# Befriending maths

“How will you pass in mathematics in the boards?” was a question everyone in the class was asking me that day. The results of the midterm examination of Class 9 were out, and I had failed in mathematics by one mark. With tearful eyes, I again scrambled through my reddened answer sheet, hoping to find a totalling mistake somewhere, though I knew the mathematics teacher would not make one. I again hazily looked at the first page. “31,” read the encircled score.

The next day in school, I picked up enough courage to ask the teacher for one grace mark so that I could pass. He agreed because I had scored well in the rest of the subjects. “I’ve increased one mark. Promise me you will do better from now on,” he said. Although I promised him that, I didn’t tell him that howsoever hard I tried to study mathematics, I couldn’t understand an iota of it. I never had a way with numbers. And I used to think that only child prodigies could actually know what an iota was.

The same evening, my anxious and furious mother enrolled me for tuitions with a tutor who looked as old as mathematics itself. She proudly told me that this teacher had been teaching even before she was born. He confirmed that by pulling out a tooth from his jaw, while nostalgically telling us a story of his old haveli in Lahore. He looked more like a chirpy old grandpa, than a stern mathematics teacher.

When he asked me about my marks, I replied shamefully, “31”. He smiled his toothless smile and said, “You shouldn’t feel ashamed of your marks. You aren’t at zero. At least you are at 31.” I liked him instantly, because he was the first person who had realised how hard it had been for me to reach even that milestone. “One day, I’ll make you fall in love with mathematics irrevocably,” he said. And by the time he made me solve the first algebraic equation, it was already love at first sight.

Sir would narrate varied stories while teaching. Slowly, he removed the fear of mathematics from my mind, the rest just followed. I kept the promise I had made to my schoolteacher, by scoring high in the next exam.
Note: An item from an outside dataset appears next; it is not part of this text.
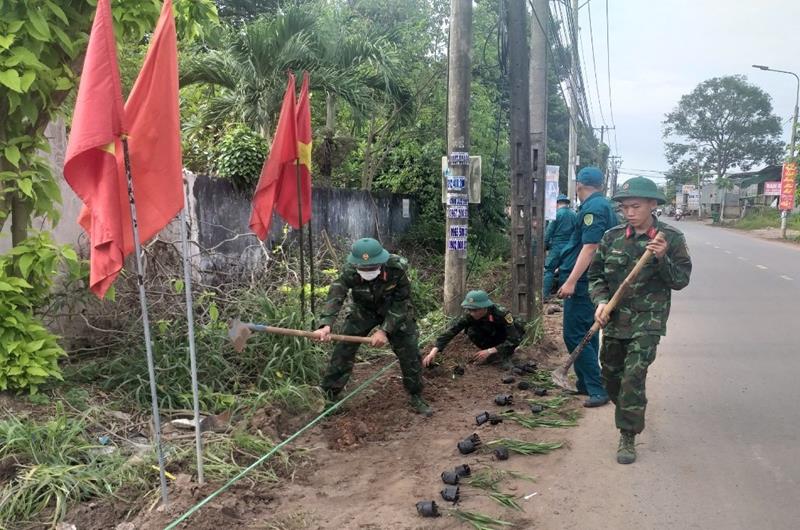 Cán bộ chiến sĩ Đoàn C6 (Bộ Quốc phòng) tham gia làm sạch vệ sinh môi trường khu vực thị trấn Long Thành sau hưởng ứng lễ phát động làm cho thế giới sạch hơn

My love story with mathematics continued to flourish. Soon, I had detected a totalling mistake of the schoolteacher, became the new child prodigy of my class who knew exactly what an iota was, and whose notebook everyone wanted to borrow. But this love story didn’t end at that. The next year, in the CBSE board exams of Class 10, I scored a perfect 100 in mathematics.

The journey from 31 to 100 wasn’t easy, but it was worth it. And I realised that I had actually fallen in love with mathematics irrevocably, when I chose to pursue a mathematical journey called engineering.